Мы сели ужинать в одиннадцать часов. Все говорили, но в памяти у меня ничего не осталось. Французские разговоры можно назвать беглым огнем: так быстро летят слова одно за другим, и внимание едва успевает следовать за ними.
Париж, июня…
Я получил от госпожи Н* следующую записку: «Сестра моя, графиня Д*, которую вы у меня видели, желает иметь подробное сведение о вашем отечестве. Нынешние обстоятельства Франции таковы, что всякий из нас должен готовить себе убежище где-нибудь в другой земле. Прошу ответить на прилагаемые вопросы, чем меня обяжете».

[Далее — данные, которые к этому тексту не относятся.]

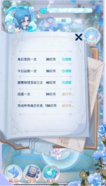 每日任务在房间里点开就能查看啦,完成每日任务可以获得200贝币哦。

Я развернул большой лист, на котором под вопросами оставлено было место для ответов. Вот нечто для примера – рассмейтесь!
Вопрос. Можно ли человеку с нежным здоровьем сносить жестокость вашего климата?

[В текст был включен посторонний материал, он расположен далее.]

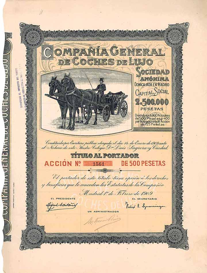 | Vorheriges Los | Zurück | Nächstes Los | | Losnr.: | 1014 (Spanien) | | Titel: | Cia. General de Coches de Lujo S.A. | | Auflistung: | Accion 500 ptas. 1.2.1909 (Auflage 4900). | | Ausruf: | 70,00 EUR | Ausgabe- datum: | 01.02.1909 | Ausgabe- ort: | Madrid | | Abbildung: |  | | Stücknr.: | 1561 | | Info: | Manufaktur für den Bau von Luxuskutschen, gegründet im Jan. 1909 mit einem Kapital von 2,5 Mio. Pesetas. | | Besonder-heiten: | Sehr dekorative Gestaltung mit Jugendstil-Elementen, große Vignette mit offenem, pferdespanntem Landauer. | | Erhaltung: | EF. | | Zuschlag: | offen |

Ответ. В России терпят от холода менее, нежели в Провансе. В теплых комнатах, в теплых шубах мы смеемся над трескучим морозом. В декабре, в генваре, когда во Франции небо мрачное и дождь льется рекою, красавицы наши, при ярком свете солнца, катаются в санях по снежным бриллиантам, и розы цветут на их лилейных щеках. Ни в какое время года россиянки не бывают столь прелестны, как зимою; действие холода свежит их лица, и всякая, входя с надворья в комнату, кажется Флорою.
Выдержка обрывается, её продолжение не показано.